Course goal is to apply the concepts of Fourier and analysis (deterministic and statistical) in understanding and comparing the principles and performance of analog and digital communication systems.

Course Objectives

  • Introduce the communication channel and apply both deterministic and statistical Fourier concepts to transmission propagation , power spectral density and analog & digital signal modulation characteristics.

  • Develop and compare the functional blocks of amplitude and angle modulation and demodulation for both analog and digital sub-systems.

  • Anayze the analog - to - digital conversion (A/D) process, line coding, pulse shaping and optimum detection functions.
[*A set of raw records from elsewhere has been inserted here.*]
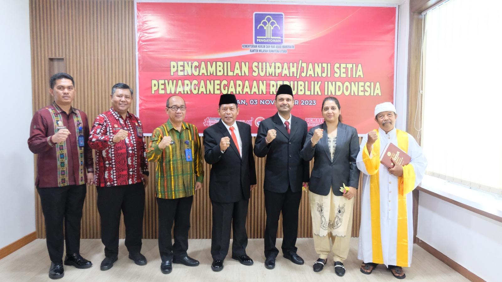 Kepala Kantor Wilayah Kementerian Hukum dan HAM Sumut, Mhd. Jahari Sitepu mengambil sumpah dan janji setia pewarganegaraan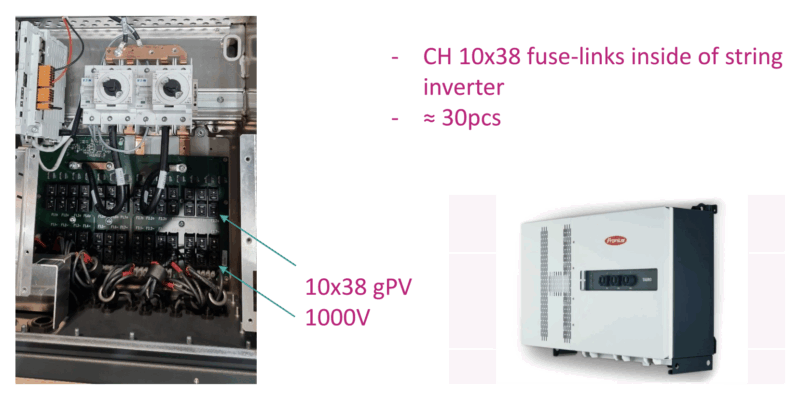 The main purpose of the protection on a.c. side is the protection of cables and installations between PV smart string inverter and the transformer station. Fuse-links have to be designed for uninterruptible operation in case of short-time overloads which could become a consequence of higher temperatures and the peak of power generation.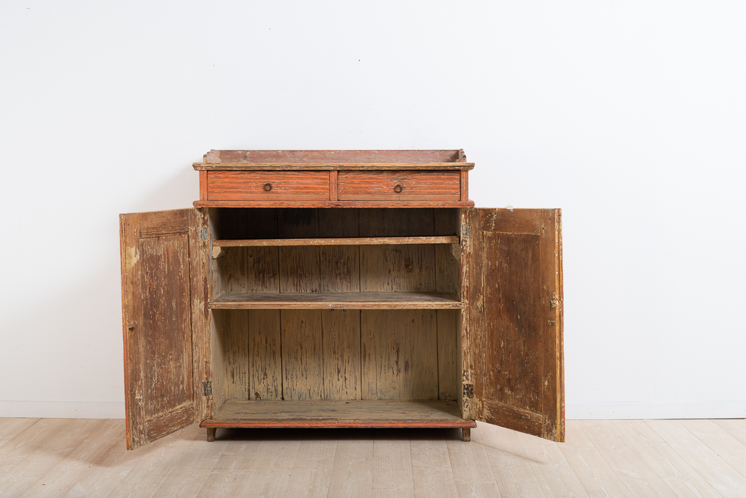 Gustavian sideboard with decorative diamonds on the doors. Dry scraped original paint. Newer hinges from the mid-19th century. Manufactured in Sweden between 1790 and 1800. The wood is healthy and the frame is solid. The sideboard is a genuine antique and will therefor have some imperfections due to age and use.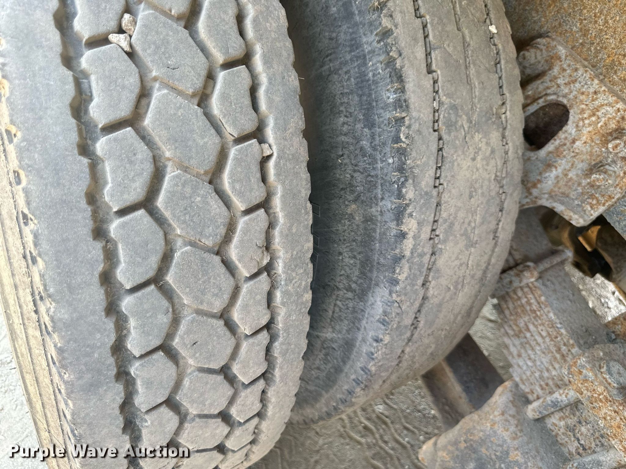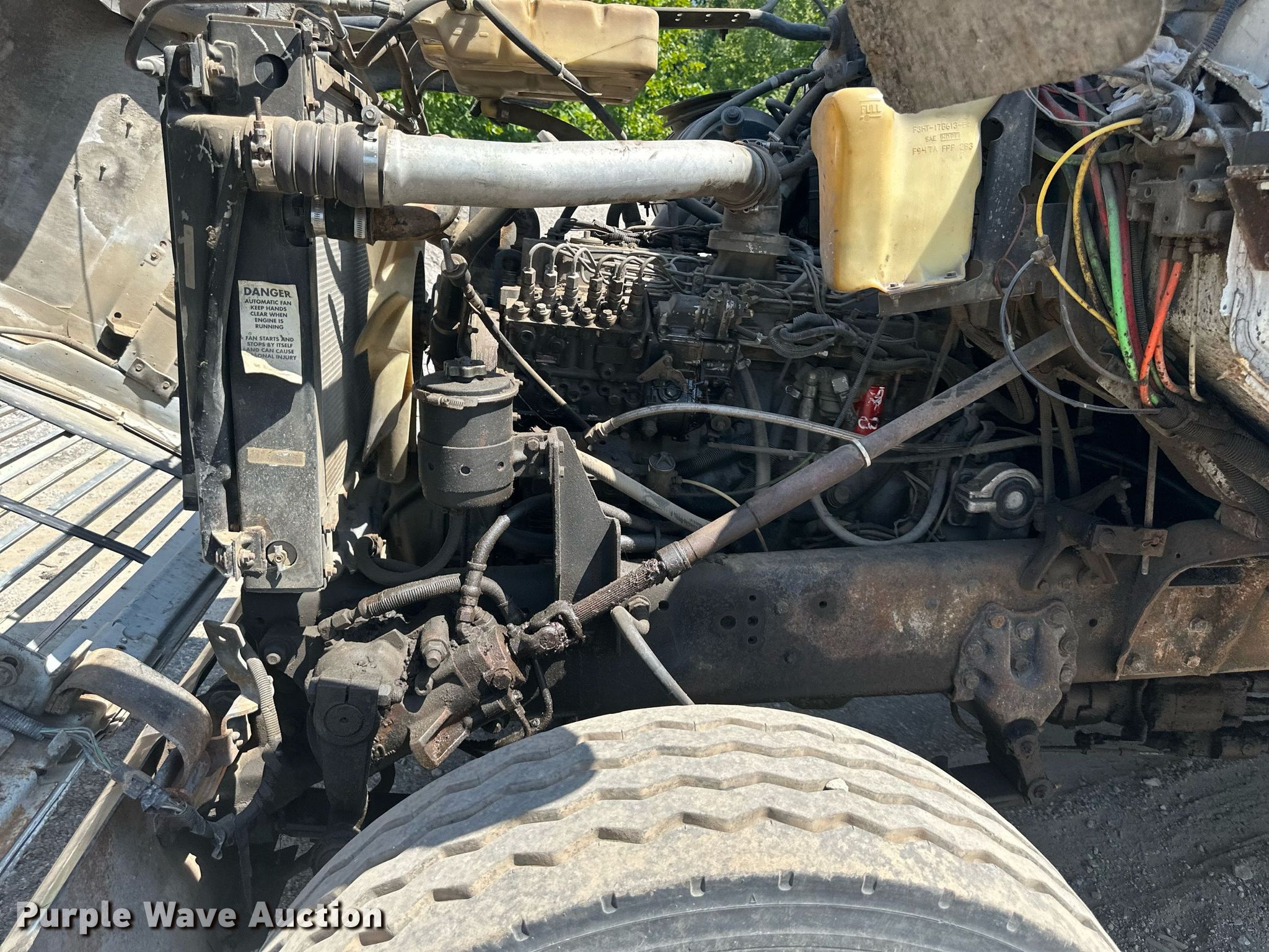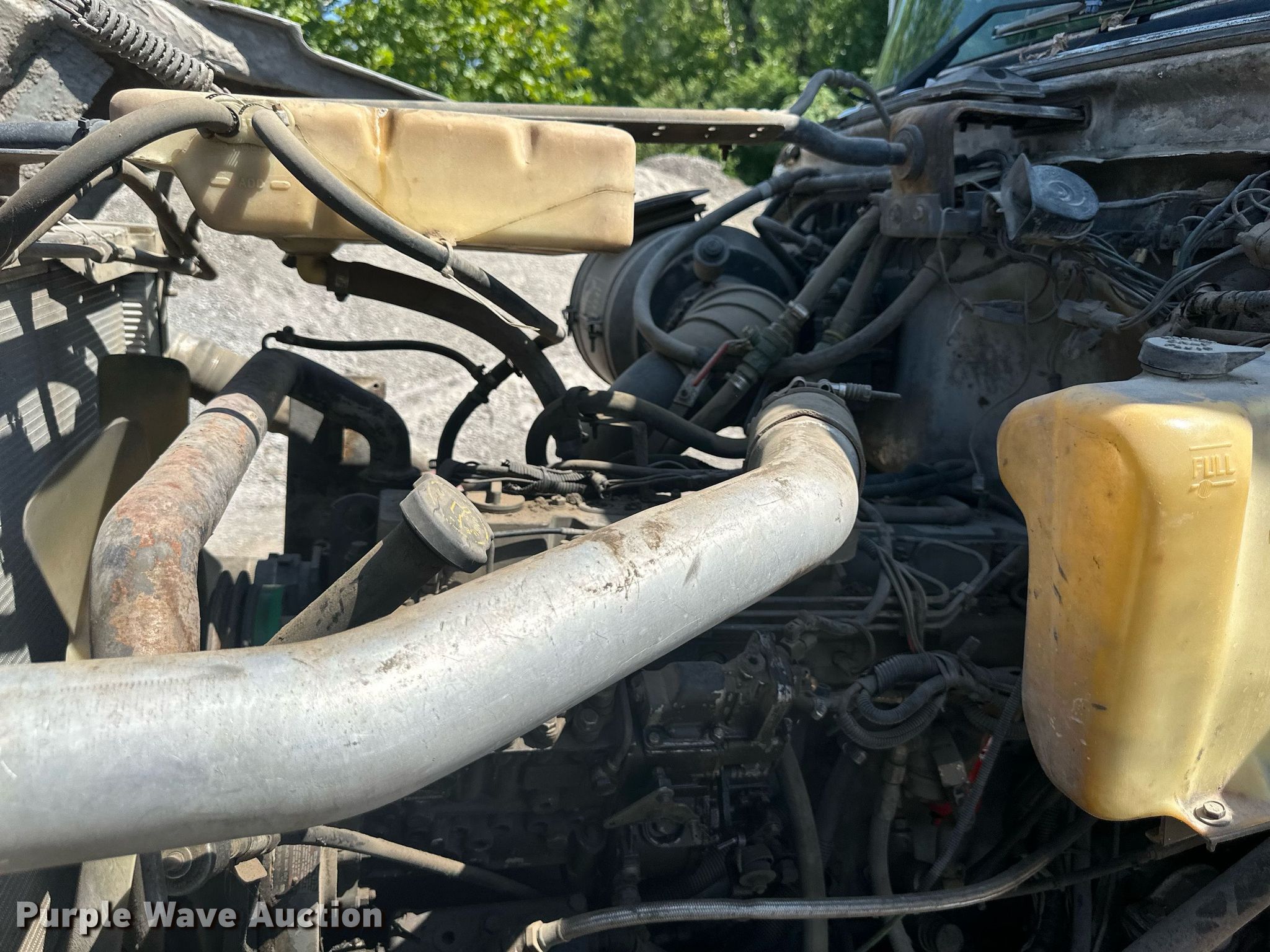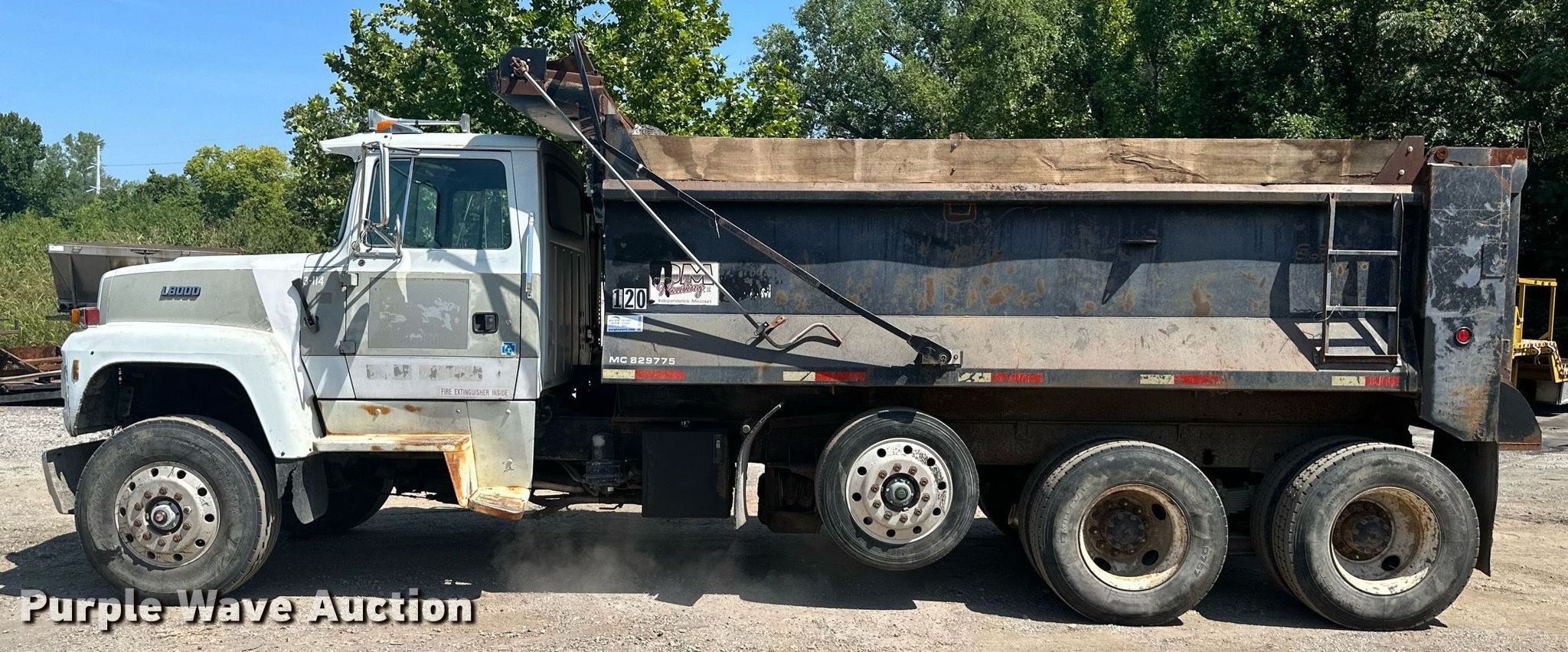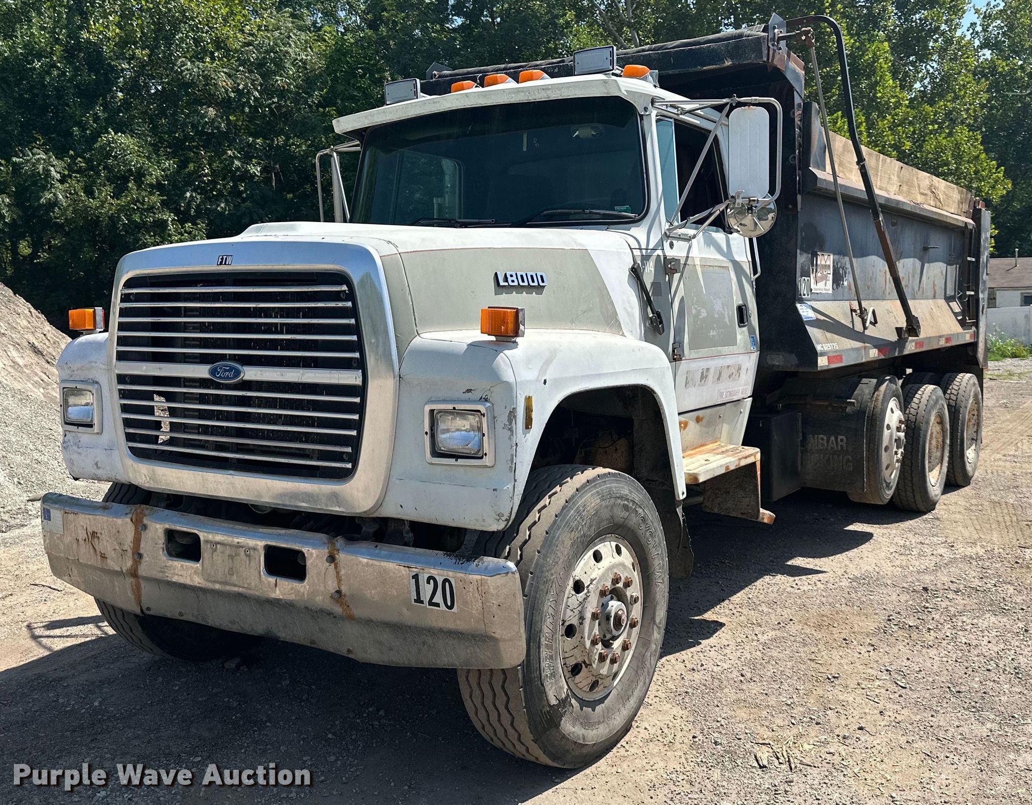 1995 Ford L8000 dump truck. Miles: 387,691 on odometer, Hours: 19,798 on meter, VIN: 1FDZU82E4SVA29442, Unit #: 120. Engine Cummins, Displacement: 8.3L, Cylinders: 6, Fuel type: Diesel. Transmission Manual, Speed: 10. Chassis Axles: Triple, Pusher axle Steerable, Differential lock: Inter-axle, Suspension: Spring over walking beam, Brakes: Air, PTO, GVWR: 56,500 lbs FAWR: 16,540 lbs, RAWR: 40,000 lbs. Interior Heat. Features Dump bed 16' L x 96" W, Side height: 42", Side board height: 10", Bed type: Steel, Roll tarp, Ram: Single , End gate: Air operated. Tires Front: 315/80R22.5, Rear: 11R22.5, Lift axle: 255/70R22.5. Missouri title. Title distribution may be delayed up to 14 days from verification of funds. 9215 East Wilson Road. Independence, MO 64053

  • Develop and comapre the performance of [A] Analog (AM, FM, PM) and [B] Digital (binary, M-ary and spread spectrum) communication systems in the presence of noise and interference.

When This Course is Typically Offered

This course is offered every semester (Fall, Spring and Summer). 

Syllabus

Topics Covered

  • Fourier spectral and time signal analysis
  • Channel transmission and propagation effects
  • Amplitude modulation (DSB, SSB, AM, vestigal)
  • Angle modulation (phase, frequency)
  • A/D - analog-to-digital (sampling, quantization, encoding)
  • Digital formatting (coding, shaping, detection)
  • Digital carrier communication concepts (ASK, PSK, FSK)
  • Probability and random variables
  • Random processes and optimum filtering
  • Analog modulation in noise and interference
  • Binary digital modulation in noise and interference
  • M-Ary versus binary communication principles
  • Fading channels and rake receivers
  • Practical communication applications

Student Assessment Criteria

Midterm 50%
Final 50%

Participation Expectations

Homework will be assigned every week. The midterm and final exams may be a combination of in-class and take-home.

Textbooks

Textbook information for this course is available online through the MBS Direct Virtual Bookstore.

Course Notes

There are notes for this course.

Final Words from the Instructor

This course provides the student with the fundamental skills to analyze and solve analg and digital communication problems on a system level. The material learned in the course will be the basic information needed for courses in advanced digital & wireless communications, telecommunications and digital & analog signal processing.